*** Dataset content Section Begins ***

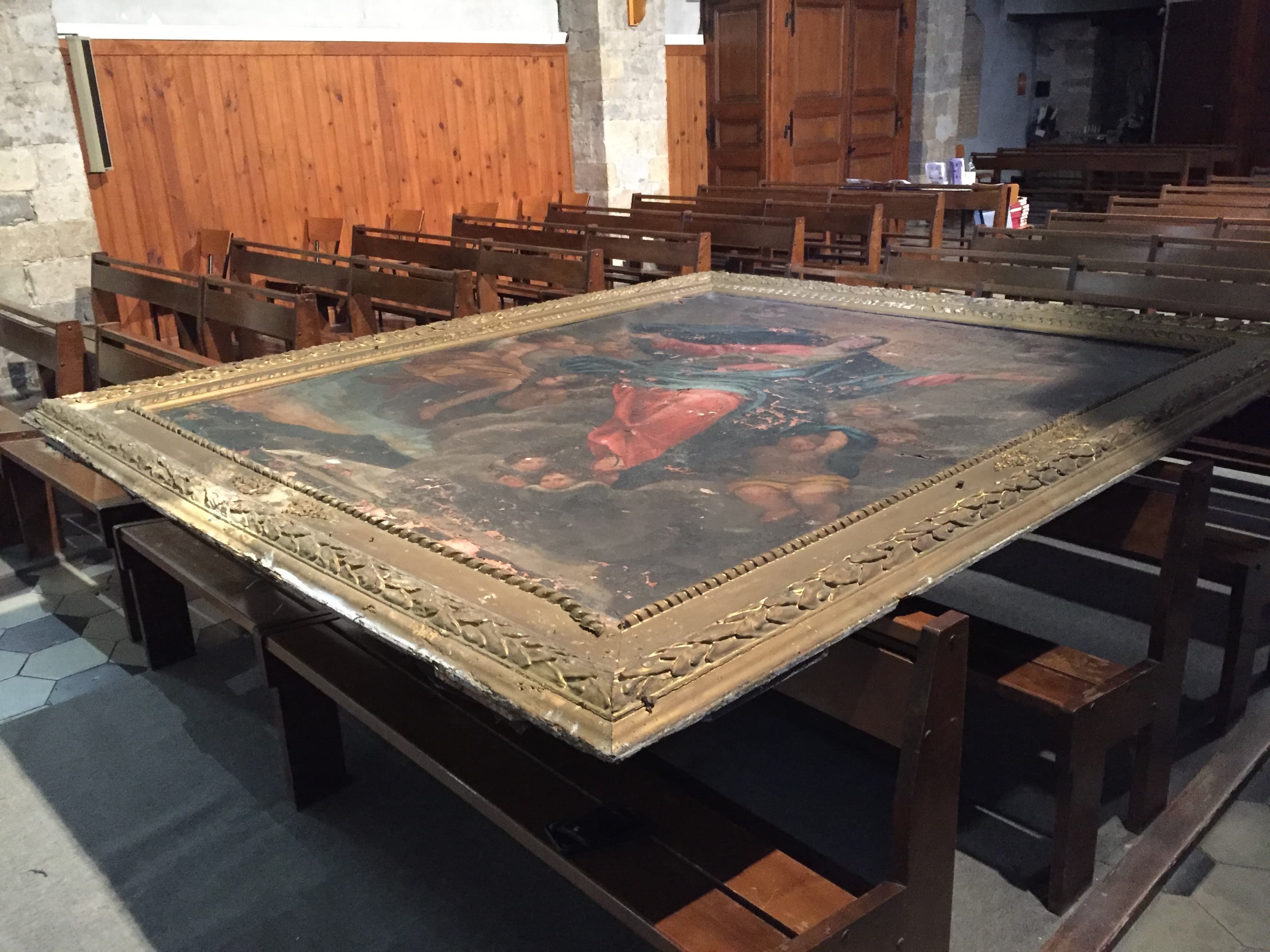 Tableau et son cadre en bois doré représentant l'Assomption de la Vierge.
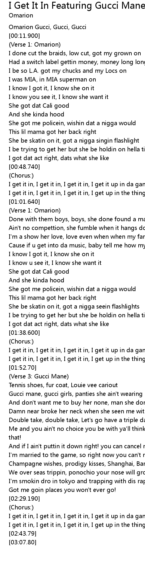| [00:03.710] | Omarion Gucci, Gucci, Gucci |
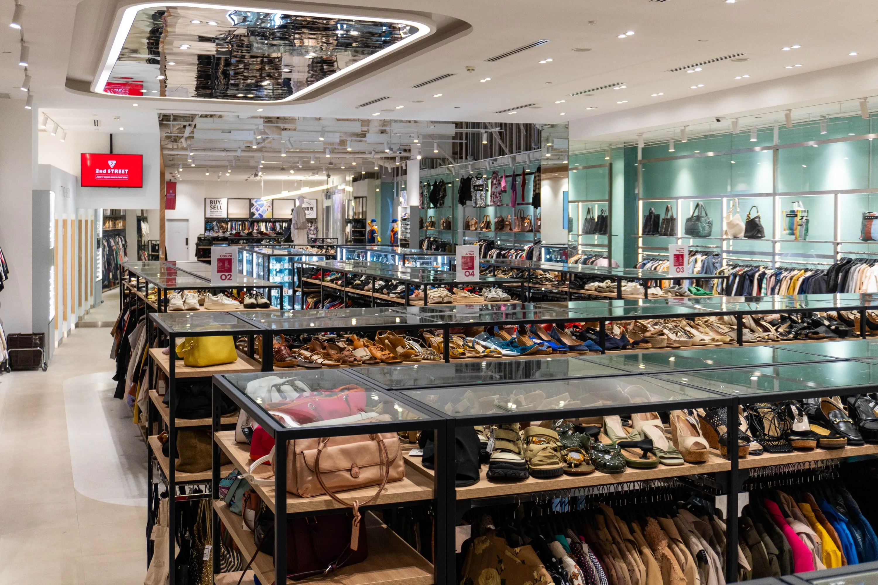 Store is in a modern mall with lifts, flat walkways, and seating.
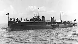 Tripoli served with the Italian fleet until 1910, during which time she participated in extensive fleet training exercises that helped to develop Italian naval doctrine and tactics.[6][7] She was modernized in 1897–1898, receiving new boilers and a modified bow, among other changes.[8] In 1910, she was converted into a minelayer.[2] She served in this capacity during the Italo-Turkish War of 1911–1912 but she saw no action during the conflict.[9] She remained in service through World War I, during which the Italian fleet made extensive use of minefields to keep the Austro-Hungarian Navy contained in the narrow waters of the Adriatic Sea. Tripoli remained in the fleet's inventory until 1923, when she was discarded and broken up for scrap. By that time, she was the last Italian torpedo cruiser, having served for more than thirty-six years.[2][10]

*** Dataset content Section Ends ***

__Exercise prompt__
All that is wanted is the lines above between the one containing "Gucci, Gucci |" and the one containing "Store is in", inclusive, restated word for word, with pictures omitted.

__Response to this task__
| [00:03.710] | Omarion Gucci, Gucci, Gucci |
 Store is in a modern mall with lifts, flat walkways, and seating.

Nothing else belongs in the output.